Unfortunately, not even Atsumu seems to be rising to the bait like normal, offering him an actual sincere congratulations on EJP's victory with none of the unprovoked spite and rage characteristic of the Miya Atsumu in Suna's LINE message history.

He briefly allows himself a moment to wonder if there had actually been a hidden, normal Miya triplet all this time, biding his time in the shadows before finally being unleashed into society at the age of twenty-two to replace his early primate of a brother.

"'Course we're gonna lose sometimes," says Factory Replacement Atsumu, holding a flute of champagne. "You just go on and enjoy yer win while it lasts, though, Sunarin." 

"Right," says Suna. "Of course. Wow. My bad for being unsportsmanlike, then, Atsumu the Kind."

"It's okay," Atsumu accepts this with a serious nod, placing a hand on Suna's arm. Clapping him once on the back, he's then being escorted away by Inunaki so the Black Jackals can go in a circle and slap each other's asses in melancholy reflective ritual or whatever, Suna doesn't know.
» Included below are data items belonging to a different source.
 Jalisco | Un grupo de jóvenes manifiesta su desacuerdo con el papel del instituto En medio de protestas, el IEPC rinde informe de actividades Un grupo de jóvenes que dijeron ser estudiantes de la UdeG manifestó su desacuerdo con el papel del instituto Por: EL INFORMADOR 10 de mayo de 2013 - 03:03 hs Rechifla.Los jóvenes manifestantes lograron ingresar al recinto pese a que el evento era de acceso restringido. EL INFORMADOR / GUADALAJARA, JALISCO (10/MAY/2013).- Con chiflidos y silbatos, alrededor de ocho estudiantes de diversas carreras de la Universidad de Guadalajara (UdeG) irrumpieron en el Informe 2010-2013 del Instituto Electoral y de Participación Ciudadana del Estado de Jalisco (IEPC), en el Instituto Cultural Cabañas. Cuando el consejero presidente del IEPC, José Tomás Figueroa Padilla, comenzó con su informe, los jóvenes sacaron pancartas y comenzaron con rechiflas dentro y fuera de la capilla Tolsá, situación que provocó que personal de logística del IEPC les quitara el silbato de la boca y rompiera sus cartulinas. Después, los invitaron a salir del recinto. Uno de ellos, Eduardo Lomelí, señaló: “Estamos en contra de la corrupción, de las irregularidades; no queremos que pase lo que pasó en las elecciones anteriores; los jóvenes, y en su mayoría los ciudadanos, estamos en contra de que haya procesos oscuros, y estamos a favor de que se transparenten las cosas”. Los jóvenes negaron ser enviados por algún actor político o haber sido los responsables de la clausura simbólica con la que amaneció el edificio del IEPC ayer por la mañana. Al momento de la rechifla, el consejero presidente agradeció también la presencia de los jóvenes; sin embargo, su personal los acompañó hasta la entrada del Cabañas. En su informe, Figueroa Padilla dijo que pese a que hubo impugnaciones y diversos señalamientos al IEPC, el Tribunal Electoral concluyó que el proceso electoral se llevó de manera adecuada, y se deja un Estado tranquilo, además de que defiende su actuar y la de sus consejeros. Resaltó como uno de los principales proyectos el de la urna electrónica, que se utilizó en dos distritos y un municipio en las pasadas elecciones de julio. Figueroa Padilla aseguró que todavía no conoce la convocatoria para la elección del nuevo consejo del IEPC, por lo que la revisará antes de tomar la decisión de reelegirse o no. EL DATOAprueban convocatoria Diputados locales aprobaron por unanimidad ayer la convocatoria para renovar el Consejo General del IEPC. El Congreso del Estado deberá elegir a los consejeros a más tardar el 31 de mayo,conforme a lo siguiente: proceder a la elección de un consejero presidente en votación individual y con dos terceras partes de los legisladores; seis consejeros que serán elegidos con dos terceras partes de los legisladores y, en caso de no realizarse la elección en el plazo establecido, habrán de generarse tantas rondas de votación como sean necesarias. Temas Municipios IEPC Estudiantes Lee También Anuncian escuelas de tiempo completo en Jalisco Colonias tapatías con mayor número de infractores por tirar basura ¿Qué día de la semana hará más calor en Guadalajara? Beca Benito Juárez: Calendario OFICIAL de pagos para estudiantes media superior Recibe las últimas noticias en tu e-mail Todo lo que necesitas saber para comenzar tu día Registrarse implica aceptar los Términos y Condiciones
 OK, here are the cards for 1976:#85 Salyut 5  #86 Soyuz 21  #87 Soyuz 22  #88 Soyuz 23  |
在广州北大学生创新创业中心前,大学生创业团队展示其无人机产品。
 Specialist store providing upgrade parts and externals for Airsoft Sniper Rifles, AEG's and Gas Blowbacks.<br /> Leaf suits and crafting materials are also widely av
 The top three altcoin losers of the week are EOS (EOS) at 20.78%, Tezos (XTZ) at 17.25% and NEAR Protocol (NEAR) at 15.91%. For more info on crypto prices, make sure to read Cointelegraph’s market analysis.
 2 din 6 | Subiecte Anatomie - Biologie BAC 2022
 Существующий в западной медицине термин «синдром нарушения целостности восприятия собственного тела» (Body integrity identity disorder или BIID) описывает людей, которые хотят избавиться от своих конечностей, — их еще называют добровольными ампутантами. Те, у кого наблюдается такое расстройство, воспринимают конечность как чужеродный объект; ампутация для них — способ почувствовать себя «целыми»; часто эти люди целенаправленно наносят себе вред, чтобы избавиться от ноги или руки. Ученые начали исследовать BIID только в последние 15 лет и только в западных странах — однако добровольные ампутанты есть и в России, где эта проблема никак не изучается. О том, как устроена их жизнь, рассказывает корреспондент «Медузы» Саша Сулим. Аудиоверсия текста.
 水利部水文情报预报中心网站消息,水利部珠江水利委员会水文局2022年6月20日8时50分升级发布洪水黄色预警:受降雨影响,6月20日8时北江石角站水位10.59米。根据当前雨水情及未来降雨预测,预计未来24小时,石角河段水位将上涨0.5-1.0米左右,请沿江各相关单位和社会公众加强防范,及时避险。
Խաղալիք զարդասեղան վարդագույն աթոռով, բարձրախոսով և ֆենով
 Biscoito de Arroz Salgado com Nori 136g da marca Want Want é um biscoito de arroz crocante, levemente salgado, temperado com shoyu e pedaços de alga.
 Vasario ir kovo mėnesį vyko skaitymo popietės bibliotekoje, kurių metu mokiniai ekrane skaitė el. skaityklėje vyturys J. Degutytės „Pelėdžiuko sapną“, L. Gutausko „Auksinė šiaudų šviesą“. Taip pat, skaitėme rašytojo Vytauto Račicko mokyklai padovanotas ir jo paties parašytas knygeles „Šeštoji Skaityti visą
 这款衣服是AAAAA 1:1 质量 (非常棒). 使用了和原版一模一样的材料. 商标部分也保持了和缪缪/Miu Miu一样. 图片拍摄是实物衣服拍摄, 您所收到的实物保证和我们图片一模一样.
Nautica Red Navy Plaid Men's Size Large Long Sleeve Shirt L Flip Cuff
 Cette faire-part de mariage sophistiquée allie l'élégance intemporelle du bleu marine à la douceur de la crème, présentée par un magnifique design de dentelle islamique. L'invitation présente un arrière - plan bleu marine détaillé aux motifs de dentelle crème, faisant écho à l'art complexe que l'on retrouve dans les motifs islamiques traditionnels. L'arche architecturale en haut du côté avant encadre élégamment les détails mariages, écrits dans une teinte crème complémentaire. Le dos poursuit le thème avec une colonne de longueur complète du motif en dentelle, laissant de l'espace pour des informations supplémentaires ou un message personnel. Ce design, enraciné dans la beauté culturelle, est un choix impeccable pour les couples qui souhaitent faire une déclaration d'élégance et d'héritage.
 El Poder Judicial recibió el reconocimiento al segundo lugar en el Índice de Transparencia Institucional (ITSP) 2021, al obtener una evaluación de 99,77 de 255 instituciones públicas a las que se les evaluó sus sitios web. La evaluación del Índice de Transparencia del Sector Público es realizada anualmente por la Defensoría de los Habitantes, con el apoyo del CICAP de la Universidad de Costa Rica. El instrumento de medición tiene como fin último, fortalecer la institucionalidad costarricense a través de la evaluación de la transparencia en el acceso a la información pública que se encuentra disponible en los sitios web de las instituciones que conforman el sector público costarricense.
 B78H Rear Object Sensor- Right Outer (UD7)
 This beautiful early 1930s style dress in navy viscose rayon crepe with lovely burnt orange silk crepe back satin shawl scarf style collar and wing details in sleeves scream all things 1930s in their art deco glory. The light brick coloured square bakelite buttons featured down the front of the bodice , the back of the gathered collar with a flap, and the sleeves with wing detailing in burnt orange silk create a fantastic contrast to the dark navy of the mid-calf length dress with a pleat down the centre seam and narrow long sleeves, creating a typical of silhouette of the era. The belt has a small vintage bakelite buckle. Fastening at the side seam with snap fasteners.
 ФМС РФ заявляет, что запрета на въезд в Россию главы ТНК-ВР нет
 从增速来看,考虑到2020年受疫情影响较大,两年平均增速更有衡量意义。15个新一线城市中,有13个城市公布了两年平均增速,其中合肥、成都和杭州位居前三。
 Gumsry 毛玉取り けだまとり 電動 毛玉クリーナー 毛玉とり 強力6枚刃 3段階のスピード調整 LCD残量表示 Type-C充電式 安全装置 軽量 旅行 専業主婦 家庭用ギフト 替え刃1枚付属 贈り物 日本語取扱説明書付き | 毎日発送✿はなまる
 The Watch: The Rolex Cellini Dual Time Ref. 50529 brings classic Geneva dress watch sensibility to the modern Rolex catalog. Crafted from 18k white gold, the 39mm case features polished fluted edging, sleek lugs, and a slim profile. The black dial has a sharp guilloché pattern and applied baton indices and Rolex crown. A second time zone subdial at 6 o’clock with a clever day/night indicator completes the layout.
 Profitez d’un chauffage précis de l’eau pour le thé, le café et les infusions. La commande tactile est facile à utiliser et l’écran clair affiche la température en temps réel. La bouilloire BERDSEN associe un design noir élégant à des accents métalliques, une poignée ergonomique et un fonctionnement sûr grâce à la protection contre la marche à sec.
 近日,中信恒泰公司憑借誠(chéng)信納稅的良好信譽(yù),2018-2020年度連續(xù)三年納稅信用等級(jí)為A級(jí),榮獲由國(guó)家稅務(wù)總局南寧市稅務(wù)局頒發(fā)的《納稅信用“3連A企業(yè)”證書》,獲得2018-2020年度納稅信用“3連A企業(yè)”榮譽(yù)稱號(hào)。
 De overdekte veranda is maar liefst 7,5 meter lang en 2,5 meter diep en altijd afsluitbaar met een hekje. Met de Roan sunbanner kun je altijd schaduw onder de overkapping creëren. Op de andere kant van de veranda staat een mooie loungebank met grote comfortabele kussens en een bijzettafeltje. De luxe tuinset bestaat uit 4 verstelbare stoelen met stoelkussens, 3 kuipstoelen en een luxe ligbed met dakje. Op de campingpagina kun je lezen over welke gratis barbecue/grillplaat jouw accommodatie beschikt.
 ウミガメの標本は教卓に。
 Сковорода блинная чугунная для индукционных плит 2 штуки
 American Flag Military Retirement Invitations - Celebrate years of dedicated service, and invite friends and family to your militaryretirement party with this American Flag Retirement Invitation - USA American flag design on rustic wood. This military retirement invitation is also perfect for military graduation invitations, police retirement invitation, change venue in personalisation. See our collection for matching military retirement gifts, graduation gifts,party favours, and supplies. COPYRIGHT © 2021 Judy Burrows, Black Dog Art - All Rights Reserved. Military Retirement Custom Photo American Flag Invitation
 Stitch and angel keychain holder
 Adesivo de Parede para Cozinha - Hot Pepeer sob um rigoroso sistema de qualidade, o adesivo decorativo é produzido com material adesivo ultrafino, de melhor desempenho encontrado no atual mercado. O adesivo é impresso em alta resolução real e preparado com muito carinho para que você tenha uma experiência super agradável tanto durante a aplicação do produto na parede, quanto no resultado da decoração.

He watches them leave and concludes that the very idea of Atsumu being a semi-civilized human being may just be making him sick.

"What the fuck is his deal," Suna says to Komori, who just shrugs. "Man, he seriously creeps me out."

"I'm not really s'posed to say this," comes a voice from behind him, and Suna immediately feels every single muscle in his body tense and engage, ready to set a new Guinness world record for the hundred-meter dash on his way out of the door. Komori, the traitor and the liar, grabs onto his arm before steering them both around. "But I've never in my life done anything 'Tsumu told me to, and I won't start today."

"Osamu-san!" Komori beams, the traitor and the liar, his grip making dents in Suna's arm. Suna doesn't know how he even manages to play volleyball with those retractable talons he calls fingernails. "It's been a while, hasn't it!"

"Hey, Komori. Suna," says Miya Osamu, leaning against the door frame and crossing his legs, blockading Suna's escape route. He didn't want it to have to get to this point, but Suna ruefully thinks he may just have to learn how to scale down buildings on the fly. "The Jackals held tryouts last week, 'n the decision's just been finalized after the match. 'Tsumu's been skippin' all over the place 'cause Hinata Shouyou's finally come back from Brazil," he says, snorting.

"He's still on that?" Suna blurts out before he can help himself, because it took a moment for him to even place the name Hinata with Karasuno's tiny, springy redhead from their last two years of high school. 

"Yer tellin' me," says Osamu, crossing his arms. 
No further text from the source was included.